We drove back to the site and began to track the blood trail, finding bright red blood here and there when out of nowhere it starts to rain, **** not good. But it stopped shortly after and our trail was still good. I look to see what time it is, I work third shift and have to start the drive back home so I'm not late for work. 
I'm headed back out first thing in the morning, now I'm in the dreaded second guessing stage, but I'm confident that deer didn't go far. Wish me luck, sorry for the long read.


----------



## FISHIN 2 (Jun 22, 2005)

Hopefully it is within 50 feet of where you quit looking, good luck, tell him great job, we want pics too! Mike


----------



## idontknow316 (Mar 21, 2008)

I need to hit the bed, but long
story short, it was 5 yards from where we left off. Not sure why it keeps flipping the picture sideways but you get the point.


----------



## ducky152000 (Jul 20, 2005)

Awesome job! Congrats to your boy, he made a great shot.


----------



## mickeysdad (Mar 10, 2010)

Great shooting! And way to stick to it and recover the harvest!


----------



## Chris_H (Aug 27, 2013)

Nice Browns hat! Congratulations to you and your son!!!


----------



## injun laker45 (Jun 28, 2011)

Congrats! Your son will never forget his first deer ​


----------



## SKRAMER (Sep 17, 2014)

Awesome. Congrats


----------



## Misdirection (Jul 16, 2012)

Congrats! Hopefully the first of many...


----------



## snag (Dec 27, 2005)

Good job on the deer, glad the coyotes didn, t find it first, saw a coyote sat evening a hour before dark prowling around..
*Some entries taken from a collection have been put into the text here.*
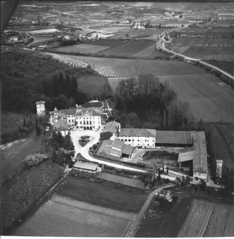 Il complesso è costituito attualmente da numerosi corpi di fabbrica che si compongono a formare due corti a "U", orientate verso sud, di forma irregolare, separate da un edificio adibito a barchessa. La corte principale, disposta a ovest, su cui affaccia l'edificio dominicale, è formata da bracci che si raccolgono intorno alla corte in modo non perfettamente ortogonale, racchiudendosi verso il viale alberato d'accesso a sud. Diversi corpi edilizi costituiscono i rustici della corte verso est; questi hanno subito aggiunte, ammodernamenti e ampie modifiche come l'adattamento dei loro locali a magazzini e a essiccatoi per il tabacco. Rivolta a sud è la villa, costituita da un edificio principale e affiancata a sinistra da un'ulteriore ala con il fronte arretrato rispetto all'edificio centrale, che piega a "L", pur mantenendone gli stessi caratteri compositivi e decorativi; continua il fronte un edificio residenziale leggermente più basso, che ingloba in esso il corpo della cappella. Il corpo isolato della torre colombara si distingue invece a nord-ovest, appena discosto dagli edifici costituenti la corte principale. Attraverso una maestosa scalinata si arriva al laghetto e alle grotte, situati sul terrazzamento al livello inferiore, nella parte terminale del giardino.Specifiche: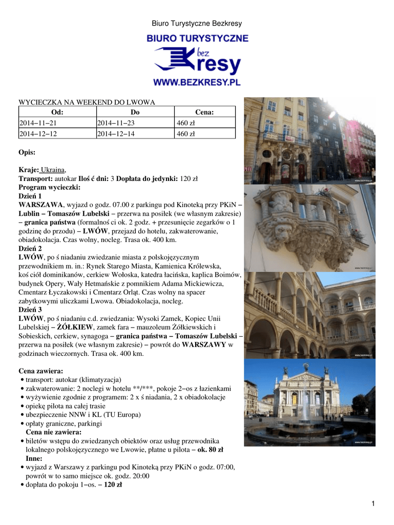 Biuro Turystyczne Bezkresy WYCIECZKA NA WEEKEND DO LWOWA Od: Do 2014−11−21 2014−11−23 2014−12−12 2014−12−14 Cena: 460 zł 460 zł Opis: Kraje: Ukraina, Transport: autokar Ilość dni: 3 Dopłata do jedynki: 120 zł Program wycieczki: Dzień 1 WARSZAWA, wyjazd o godz. 07.00 z parkingu pod Kinoteką przy PKiN − Lublin − Tomaszów Lubelski − przerwa na posiłek (we własnym zakresie) − granica państwa (formalności ok. 2 godz. + przesunięcie zegarków o 1 godzinę do przodu) − LWÓW, przejazd do hotelu, zakwaterowanie, obiadokolacja. Czas wolny, nocleg. Trasa ok. 400 km. Dzień 2 LWÓW, po śniadaniu zwiedzanie miasta z polskojęzycznym przewodnikiem m. in.: Rynek Starego Miasta, Kamienica Królewska, kościół dominikanów, cerkiew Wołoska, katedra łacińska, kaplica Boimów, budynek Opery, Wały Hetmańskie z pomnikiem Adama Mickiewicza, Cmentarz Łyczakowski i Cmentarz Orląt. Czas wolny na spacer zabytkowymi uliczkami Lwowa. Obiadokolacja, nocleg. Dzień 3 LWÓW, po śniadaniu c.d. zwiedzania: Wysoki Zamek, Kopiec Unii Lubelskiej − ŻÓŁKIEW, zamek fara − mauzoleum Żółkiewskich i Sobieskich, cerkiew, synagoga − granica państwa − Tomaszów Lubelski − przerwa na posiłek (we własnym zakresie) − powrót do WARSZAWY w godzinach wieczornych. Trasa ok. 400 km. Cena zawiera: • transport: autokar (klimatyzacja) • zakwaterowanie: 2 noclegi w hotelu **/***, pokoje 2−os z łazienkami • wyżywienie zgodnie z programem: 2 x śniadania, 2 x obiadokolacje • opiekę pilota na całej trasie • ubezpieczenie NNW i KL (TU Europa) • opłaty graniczne, parkingi Cena nie zawiera: • biletów wstępu do zwiedzanych obiektów oraz usług przewodnika lokalnego polskojęzycznego we Lwowie, płatne u pilota − ok. 80 zł Inne: • wyjazd z Warszawy z parkingu pod Kinoteką przy PKiN o godz. 07:00, powrót w to samo miejsce ok. godz. 20:00 • dopłata do pokoju 1−os. − 120 zł 1 Biuro Turystyczne Bezkresy • osoby podróżujące samotnie dokwaterowywane są w miarę możliwości do pokoju 2−3 os. • istnieje możliwość wyjścia na przedstawienie w Operze (koszt ok. 40 zł). Repertuar dostępny na stronie www.opera.lviv.ua. Przedstawienie nie jest punktem programu wycieczki. Biuro może pomóc przy zakupie biletów. Wskazane jest wzięcie odpowiedniego stroju. • łączna trasa przejazdu wynosi ok. 1000 km • min. liczba uczestników − 35 os. • biuro zastrzega sobie prawo do wprowadzania niewielkich zmian w programie Warto wiedzieć: Waluta Obowiązującą waluta na Ukrainie są hrywny (UAH), które można zakupić w kantorach w Polsce. Wymiany złotówek na hrywny można dokonać również na granicy lub we Lwowie, można też zabrać euro lub dolary. Kurs walut: 1 PLN = ok. 2,4 UAH, 1 Euro = ok. 10,5 UAH, 1 USD = ok. 8 UAH. Granica Przy przekroczeniu granicy polsko−ukraińskiej wymagany jest paszport. Transport Przy grupie powyżej 20 osób zamawiany jest autokar na 27, 35 lub 49 miejsc. Przy mniejszej liczbie uczestników wyjazd jest busem. Hotel Hotel we Lwowie, pokoje 2−os. typu standard. Wyżywienie Śniadania, obiadokolacje (serwowane, w hotelu lub w restauracji na mieście). Posiłki przyrządzane zgodnie z miejscowym zwyczajem kulinarnym. W przypadku serwowanych posiłków w cenie jest 1 napój. W trakcie podróży w miarę możliwości planowane będą postoje na posiłki we własnym zakresie. Czas Po przekroczeniu granicy należy przesunąć zegarek o 1 godz. do przodu. Przykładowe ceny Kawa, herbata − od 3 zł, piwo 0,5 l − od 4 zł, woda 0,5 l − od 2 zł, obiad − od 25 zł. Ważne Sugerujemy zabrać wygodne buty oraz kurtkę przeciwdeszczową. Do świątyń prawosławnych należy zabrać odpowiedni strój: nakrycie głowy i długa spódnica (Panie) oraz długie spodnie (Panowie). 2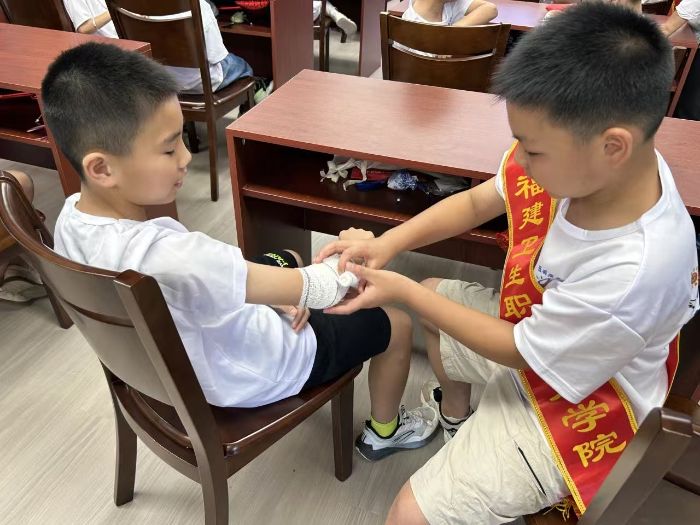圖為“榮藥”實踐隊隊員正在向小朋友示范關節(jié)包扎、繃帶螺旋包扎等實用技巧。 周嘉琪供圖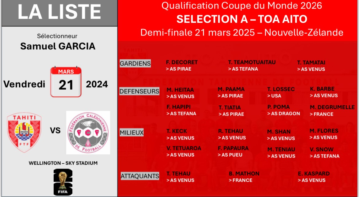 Mais Samuel Garcia, le coach de la sélection, se veut prudent. Fort de son expérience et de son investissement dans le football polynésien, Samuel prend les matchs les uns après les autres : “Avec cette formule, tous les matchs peuvent être les derniers. Du coup, il faut savoir gérer ces matchs. On discute beaucoup entre nous, car maintenant, nous avons créé un véritable socle de confiance. Avec le staff et les familles, on sait que ça va beaucoup se jouer au mental, donc on a tout fait pour que les joueurs soient bien. On a bien travaillé physiquement, tactiquement, et même si nous avons quelques joueurs qui ne sont pas régulièrement avec nous, comme Benoît, Teva, Mateo (Degrumelle, qui joue aussi en France) et François (Hapipi, qui évolue en Nouvelle-Zélande), toute l’épopée que nous avons vécue nous donne une force collective sur laquelle nous allons nous appuyer pour passer cette prochaine étape.”
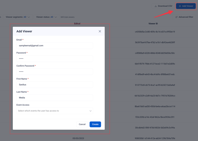 Click Add Viewer in the top right corner. A modal will appear where you will fill out their information, and at the bottom you will choose the event/segement you want to give access to. Make sure to save by clicking Create.

Sent from my iPhone using Ohub Campfire


----------



## idontknow316 (Mar 21, 2008)

Thanks guys. I was worried about coyotes, I lost a deer a few years ago to them. But all is well! I am having the hide tanned as a keepsake.


----------



## crappiedude (Mar 12, 2006)

Congrats to your son. 
Mt son got his 1st deer 23 years ago at age 12 and even though he doesn't hunt much anymore he still talks about that deer.


----------



## Dan (Jul 16, 2007)

Congrats to you and your boy.


----------



## Tritonman (Jul 4, 2004)

Nice story and congrats.


----------



## Snook (Aug 19, 2008)

Great job! Cherish the moment! Love the pics!


----------



## idontknow316 (Mar 21, 2008)

Thanks again guys, it truly was a great and unique hunt, he is already talking about getting out again. Jeesh, let dad hunt once lol. I haven't been out by myself yet, but I don't regret that for one second. 
He also was very eager to dress it himself, I gave a few pointers and helped only a little. Very impressed with the little man.


----------



## RichsFishin (Nov 4, 2007)

Congrats to your son and wish my son good luck this year...... Rich


----------



## BaddFish (Jun 20, 2009)

awesome man! congrats...I'll be doing the same thing with my son in....10-11 years!


----------



## Fishingisfun (Jul 19, 2012)

Congratulations on your first deer, frame a photo of the deer for your Son's wall and one for you brag about your son book. A good day to remember fro the both of you. A life long hunting buddy and Dad event.


----------



## jamesbalog (Jul 6, 2011)

congrats, he will always remember the first one


----------



## JV1 (Apr 18, 2004)

Congrats , you should be proud!


----------



## Shortdrift (Apr 5, 2004)

Congratulations to both your son for a well placed shot and to you for the follow up and collection. I'm sure both of you will remember every detail of the hunt and discuss it in the future years. I can still see the smile on my son's face when I approached him standing over his first deer, which was forty years ago. We still talk about it several times a year when we visit.


----------